Rihanna
By Borys Kit and Kim Masters – The Hollywod Reporter
As Universal’s “Battleship” steams toward a start date this month, the pricey adaptation of the Hasbro board game is entering deep, treacherous waters. With a budget of $200 million or more and no major movie stars on board, the project is raising eyebrows among industry insiders who question whether this expensive gamble will pay off.
“It’s a big bet like many, many big bets from many studios,” Universal chairman Adam Fogelson acknowledged to THR. “We will be nowhere near the high point and nowhere near the low point of what people are spending.”

Taylor Kitsch
But several huge questions hover over “Battleship,” which begins filming in 15 days in Hawaii, that simply didn’t apply to other big-ticket movies. In “Battleship,” Universal has a director, Peter Berg, with some experience in action films, but he’s not a brand name in the genre. And the concept is based on a board game that has sold more than 100 million units and raked in $1 billion-plus. This comes at a time when some studio execs are questioning whether the public is tiring of the presold concepts to which Hollywood has been clinging.
By far the most significant entry from the relatively new regime of Fogelson and co-chairman Donna Langley, “Battleship” is based on the Hasbro game about naval strategy that’s been around since World War I. Berg has come up with a modern twist: making “Battleship” a movie about an alien invasion at sea.
Fogelson denied the project was ever in jeopardy and said the studio is firmly committed based on Berg’s vision for the film. Berg, whose previous movie was 2008′s “Hancock” for Sony, is the son of a naval historian, and he wrote a high school essay about how the Japanese could have won the Battle of Midway. He also directed the 2004 feature “Friday Night Lights” and 2007′s “The Kingdom,” both for Universal.
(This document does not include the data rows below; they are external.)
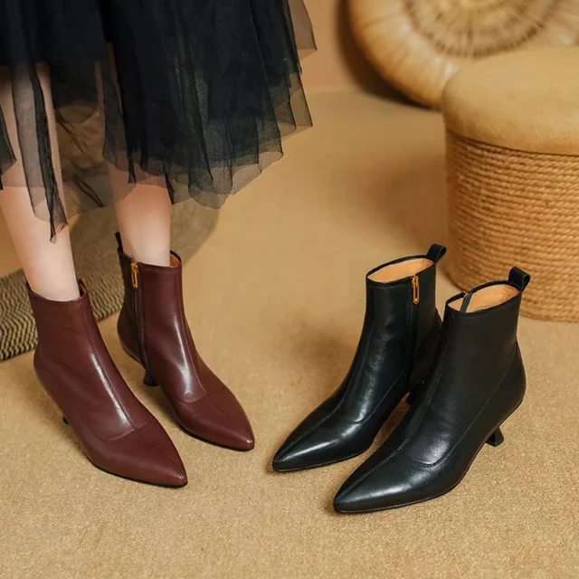Step into winter with confidence and grace in these Genuine Leather Short Boots for Women. Designed for modern elegance, these boots combine premium cow leather with a sleek pointed toe and a 2.1-inch (5.5 cm) thin heel for a refined look that’s both bold and feminine. Perfect for cold weather, they keep your feet warm, comfortable, and stylish all day long.
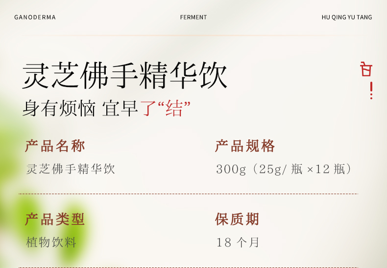 ⁴买6盒加赠线香【胡庆余堂灵芝佛手精华饮】精选道地草本食材+益生菌 小分子发酵 25g/支*12支/盒 YC04-CR-HQYT【TOP】
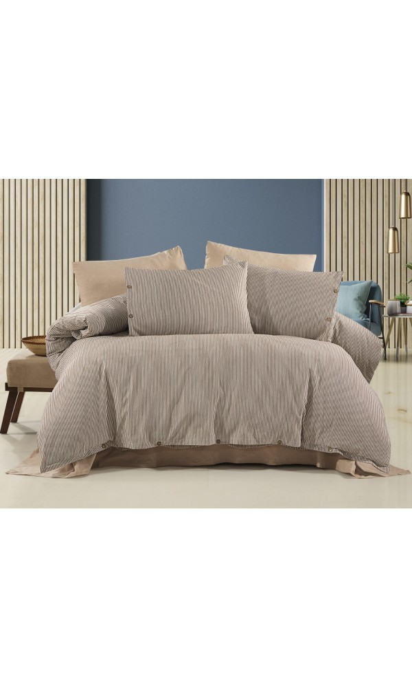 Çift Kişilik Çarşaflı Nevresim Takımı Pamuklu 6 Parça Kahverengi Çizgili | OAB Home
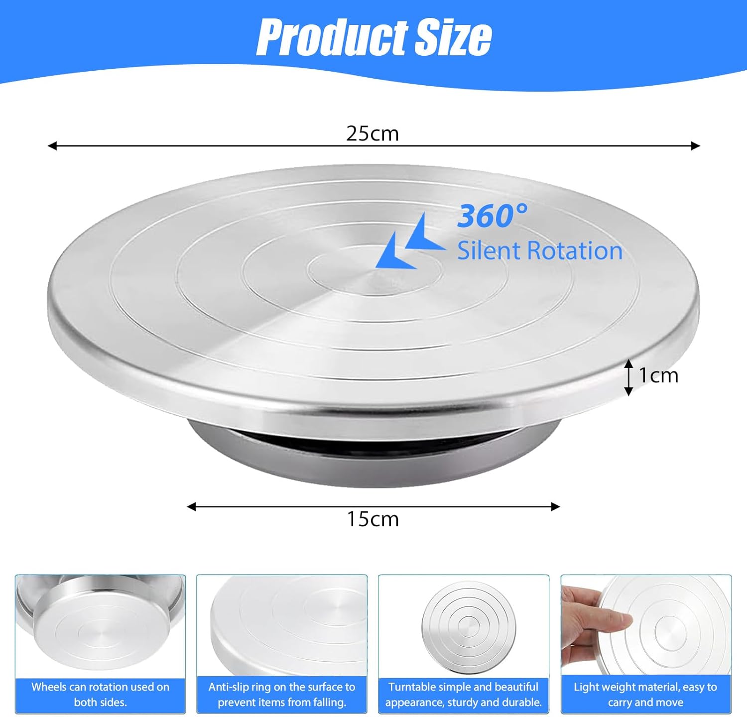 - 【Langlebiges Material】Der Drehteller besteht aus hochwertigem Metallmaterial, mit einer fein polierten Oberfläche, die eine gute Verschleiss- und Korrosionsbeständigkeit aufweist. Der Boden ist mit Anti-Rutsch-Unterlegscheiben entworfen, um
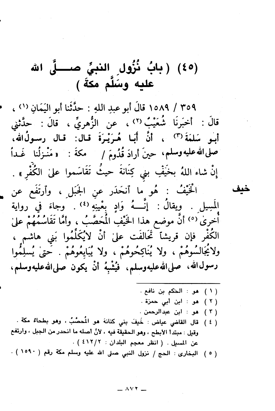 359/ 1589 - قالَ أبو عبدِ الله: حدّثنا أبو اليمان، قالَ أخبرنا شُعيب، عن الزُّهري، قالَ: حدّثني أبو سلمَة، أنّض أبا هريرة قال: قال رسولُ الله، صلى الله عليه وسلم، حينَ أرادَ قُدوم /مكة: " منزِلنا غداً إن شاء الله بخيفِ بني كشنانة حيثُ تَقاسموا على الكُفر ".
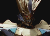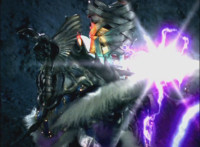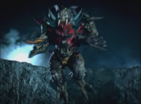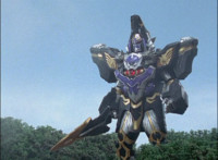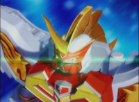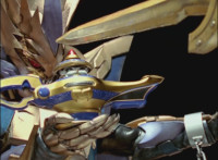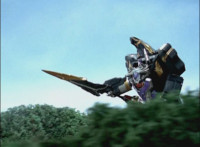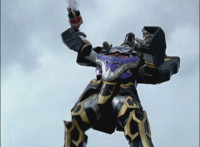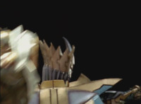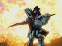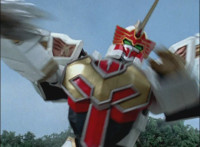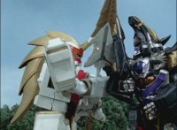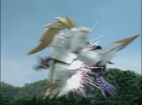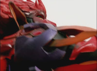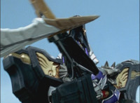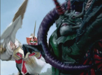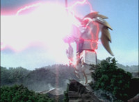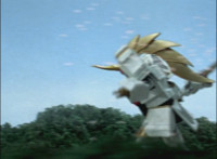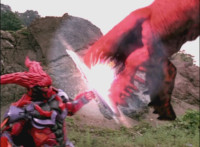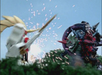 Phoenix Unizord talks, Centaurus Wolf Megazord responds by pointing their sword forth. Phoenix Unizord gets up angrily, then readies their sword, turns their back to Centaurus Wolf Megazord, facing instead Chimera and gesturing a fist at them. Chimera fires some electricity at Phoenix Unizord, who blocks it with their sword, then presses onward through the constant blasting, suddenly dashing forth and breaking through the beam. Chimera reacts. |

Fogelson maintains that “Battleship” doesn’t need a big star and in fact is well-cast. The topliners are Taylor Kitsch and Rihanna, making her feature debut.
“Taylor is on the short list of actors in this range,” Fogelson said. “Rihanna has no shortage of opportunities and choices.”
Fogelson is not worried about audiences warming to a movie based on a board game, either.
“You’re talking about a property that worldwide has more awareness than most, if not all, of Hasbro properties that preceded it,” he said. “Worldwide, more people have played Battleship than played with Transformers.” The first two films in the latter franchise have grossed more than $1.5 billion worldwide for the studio, and a third is shooting in Chicago.
Fogelson said Universal was careful in evaluating specific aspects of the game that would work for the film. “The game has not included a battle between Earth and alien forces,” he acknowledged, but he cited several aspects of it that will be reflected in the film.
“There’s the fact that you can’t see your opponent, the underlying emotional reasons behind who plays the game and how they play the game,” Fogelson said. “There’s absolutely a way within the story that’s been constructed here to take advantage of the game’s name and elements that will make the movie fun.”
One way Universal has kept “Battleship” from going over the brink was organizing the shoot in a way that keeps it on land as much as possible.
At this point, the plan calls for only five days of production on the water, with the remainder of the five-week shoot in Hawaii land-based. The rest of the sea action will be shot on soundstages in Baton Rouge, La., and the production will be CGI-heavy.